Is there a wrong language? Eventually, we would try to push a design to zero, and we may think it doesn’t matter. But the way we approach zero does matter.
What if we cannot get to zero, or in tolerancing, we can choose to push this or that term, but not both? How do we choose? If we are making a telescope, the case is clear. We want to minimize the variance of the wavefront and, by that, maximize the Strehl ratio. Very clearly derived in Born & Wolf. This is where the Zernike language is the right choice.
However, what if the property we are interested in is not derived from the variance? How do we know?
An analysis that can be employed is to find the MacLaurin expansion of the property of interest to second order using the Zernike polynomial as (say) probes or simply free parameters. One can use a Monte Carlo approach or Latin Hypercube Sampling approach to this, and which one is the best is a discussion to have elsewhere. However, once we have done that, we can find the c (offset), v (linear), and A (square) dependence that makes the best fit to the data, and this fit can be very good.

If A turns out not to be diagonal in this expansion, then the Zernike polynomials are not the right language because it does not follow that minimizing one of the coefficients always improves our property of interest. In this case, diagonalizing A will give us a new orthogonal basis.
However, before we ask the question which of the terms to minimize, but in the new base, what about the linear term v. The answer to that is, it depends.
There is obviously the possibility to look at the solution to f = 0, and if this solution is within the validity range of the expansion, we have probably found a non-trivial solution where non-zero aberrations generate zero error.

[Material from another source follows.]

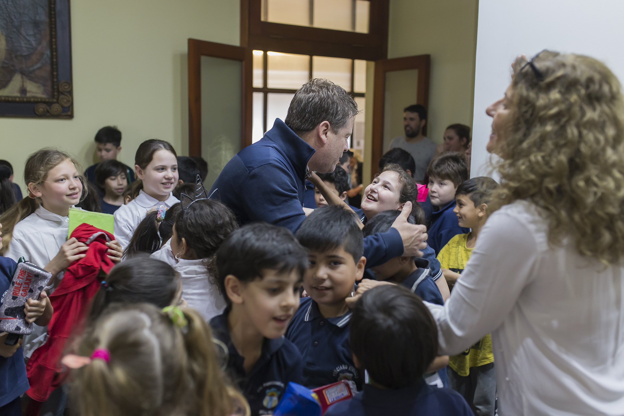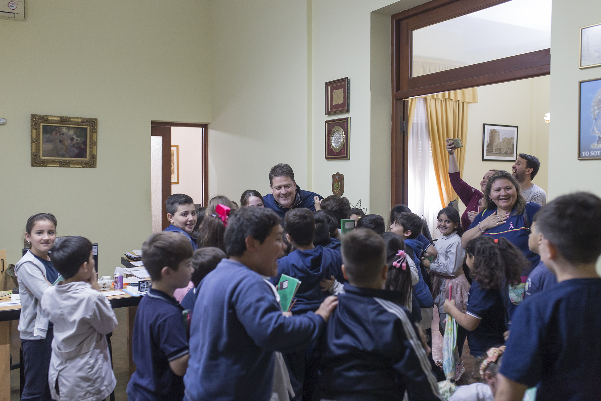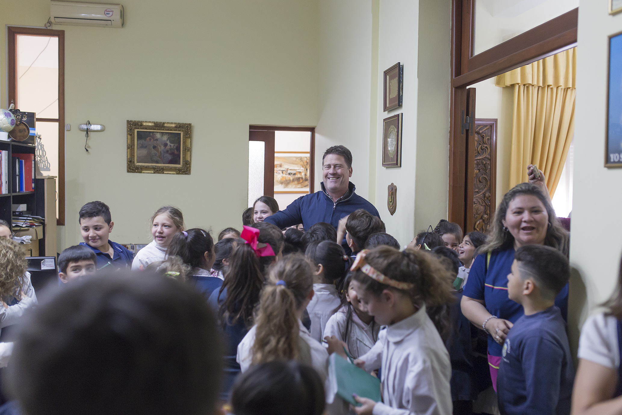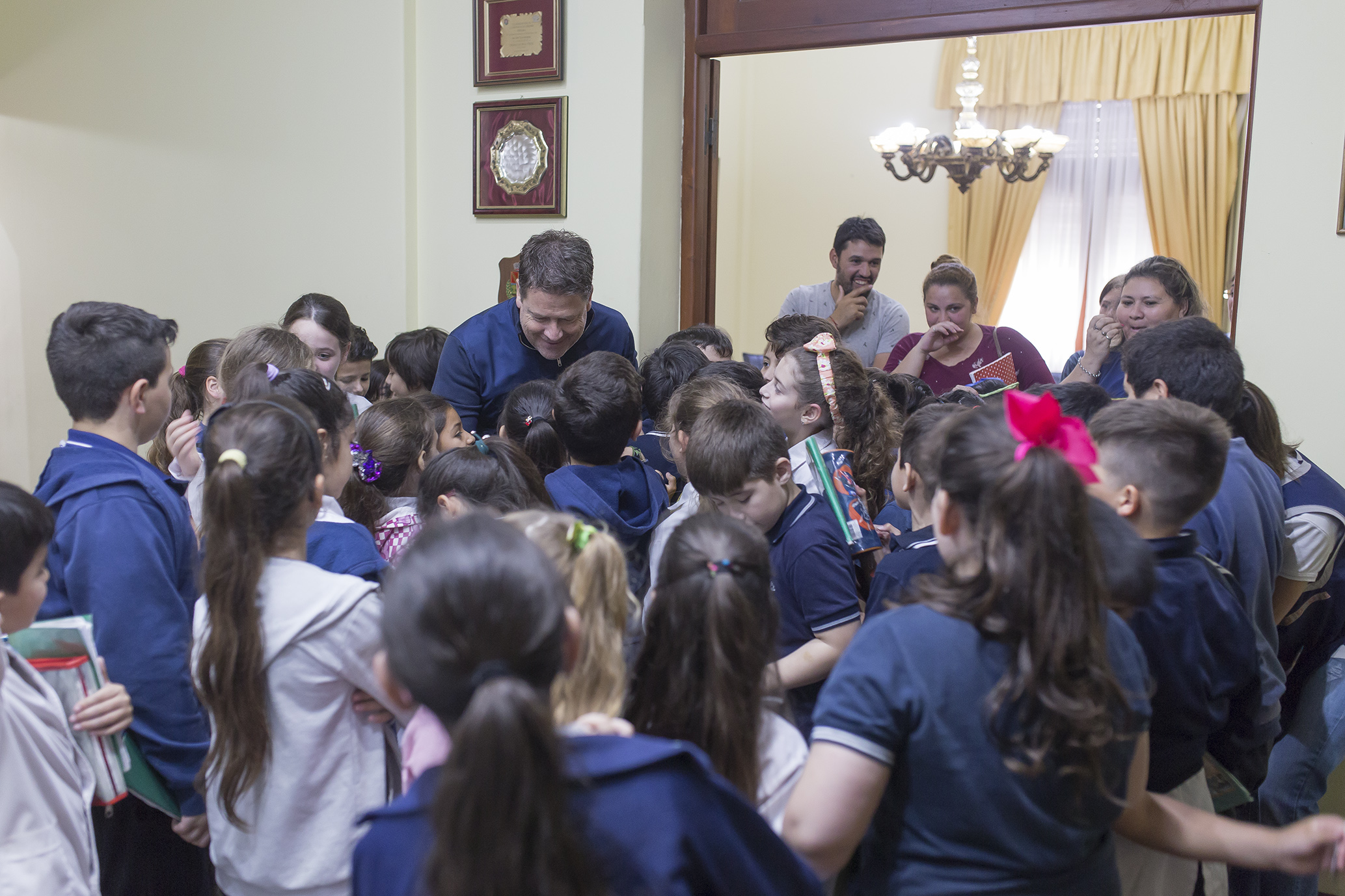 Tras la información brindada por personal municipal en el salón Walter de Navazio, las niñas y niños, acompañados de las docentes Laura Paola Serra y María Rosa Alzamendi, fueron recibidos por el intendente, Carlos Briner.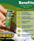 Carbonated Filtered Water, Erythritol, Fruits and Vegetables (for color), Citric acid, Natural Flavor, Organic Cordyceps Militaris Extract, Organic Lion's Mane Extract, Natural Caffeine (from Green Coffee Beans), L-Theanine, Stevia Reb A, Rosa roxburghii (fruit) and Panax notoginseng (root)

This does happen (but is unusual), but quite often either v is essentially zero or the solution to f = 0 is not within the range of the expansion, mostly because v is residual from the fitting process.
When the linear term v is zero, we would now ask the same question as we did initially: should we improve this or that term in the new base? The answer is, it doesn’t matter because in the new base, the terms are independent, and we can choose to improve the one that provides the highest effect.
Arguably, this is somewhat esoteric, but given that we have the models of our optical system and the property of interest, probing 15-20 free parameters using a few thousand simulations may be entirely feasible and provides valuable insights into the fundamentals of the optical system. Often, this can be done in under a day if we already have the models in place. On the GPU, even faster than that.
But the really deep point is that, once we see how things work, we can feed it back into our top-level design. Example: We should always avoid linear sensitivities. It is a signal that we are possibly doing something wrong. It happens that this is unavoidable. Then it is what it is, but if this comes up as a surprise, it’s definitely something to feed back to our top-level system design to see if it’s not something that can be eliminated.